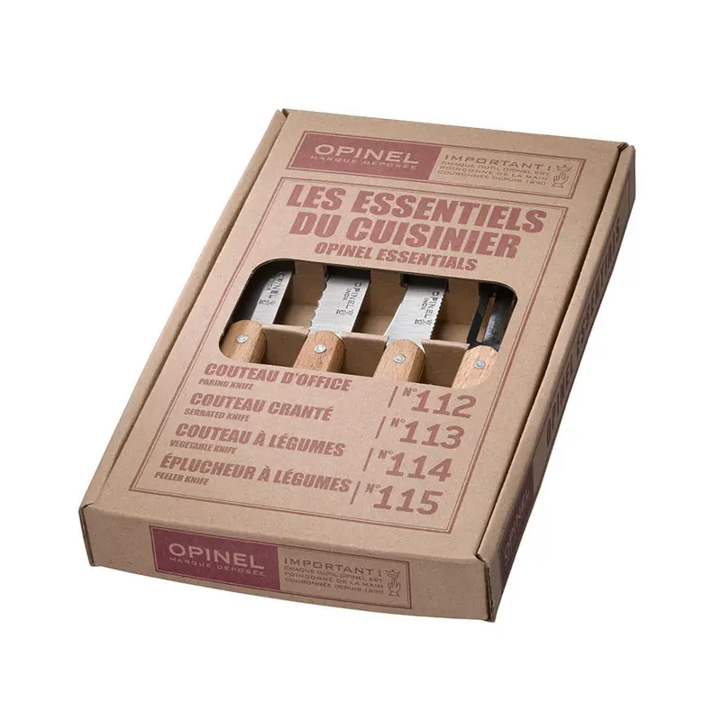 Bộ 4 dao gọt Opinel Essentials Small Kitchen Knife gồm: Dao đa năng No.112, Dao răng cưa No.113, Dao gọt rau No.114, Dao gọt vỏ No.115
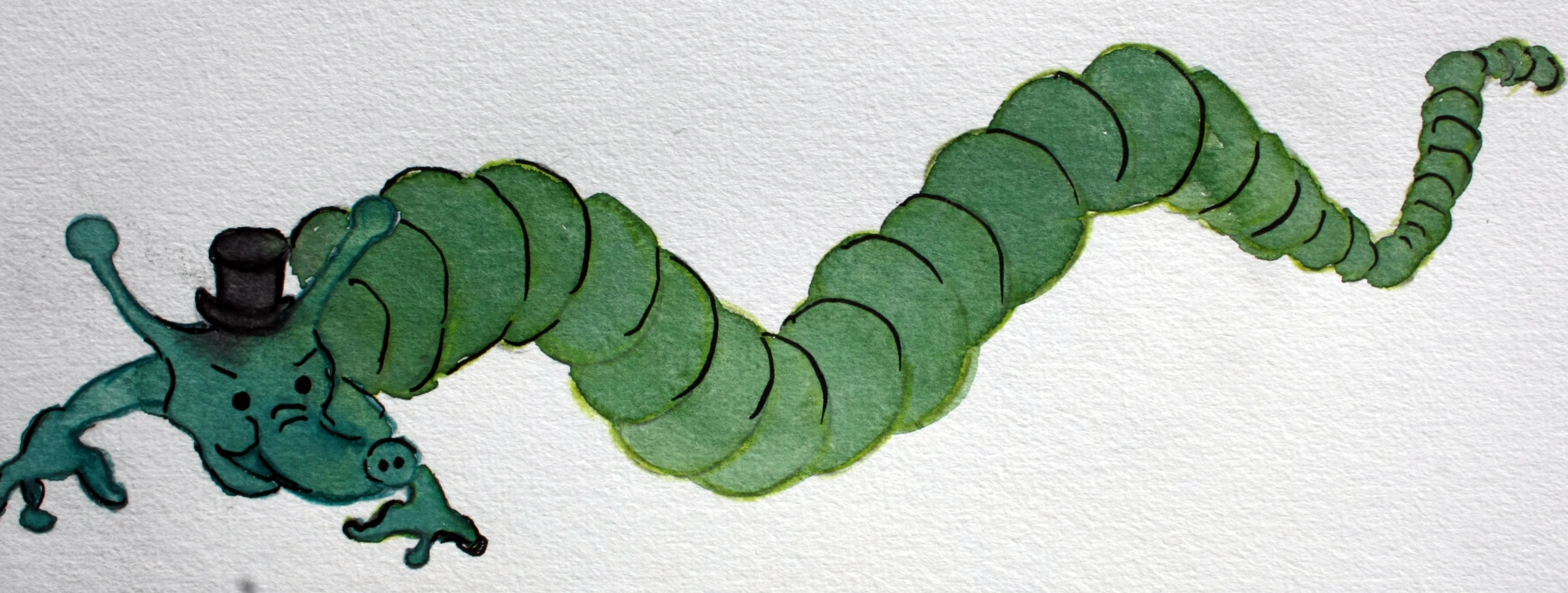 Manche Bilder gelingen, mit den meisten bin ich noch gar nicht zufrieden. Alleine mit Farbigkeit strahlen sie nicht unbedingt mehr; aber ich überlasse das Urteil hier mal euch. Den Wurm mag ich persönlich sehr gerne, er erinnert mich an einen Wurliwurm. Und jetzt fällt mir ein, wie mein Vater und ich einmal in München in der Fußgängerzone unterwegs waren, Kaufingerstraße meine ich. Da standen wir lange bei einem Straßenverkäufer, der virtuos einen orangenen Wurliwurm zum Leben erwecken konnte. Mein Vater hatte eine große Freude an der Geschicklichkeit des Mannes.
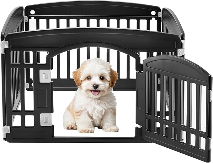 Simple Deluxe Plastic Dog Playpen, 24" Exercise 4-Panel Pet Playpen with Door, Safe and Secure, Folding and Portable Puppy Playpen for Puppies and Small Dogs, Black
****
> **ASSIGNED TASK**: Pictures in the listing above must be skipped; everything else should be copied exactly.

> **TASK RESPONSE**:
 Bộ 4 dao gọt Opinel Essentials Small Kitchen Knife gồm: Dao đa năng No.112, Dao răng cưa No.113, Dao gọt rau No.114, Dao gọt vỏ No.115
 Manche Bilder gelingen, mit den meisten bin ich noch gar nicht zufrieden. Alleine mit Farbigkeit strahlen sie nicht unbedingt mehr; aber ich überlasse das Urteil hier mal euch. Den Wurm mag ich persönlich sehr gerne, er erinnert mich an einen Wurliwurm. Und jetzt fällt mir ein, wie mein Vater und ich einmal in München in der Fußgängerzone unterwegs waren, Kaufingerstraße meine ich. Da standen wir lange bei einem Straßenverkäufer, der virtuos einen orangenen Wurliwurm zum Leben erwecken konnte. Mein Vater hatte eine große Freude an der Geschicklichkeit des Mannes.
 Simple Deluxe Plastic Dog Playpen, 24" Exercise 4-Panel Pet Playpen with Door, Safe and Secure, Folding and Portable Puppy Playpen for Puppies and Small Dogs, Black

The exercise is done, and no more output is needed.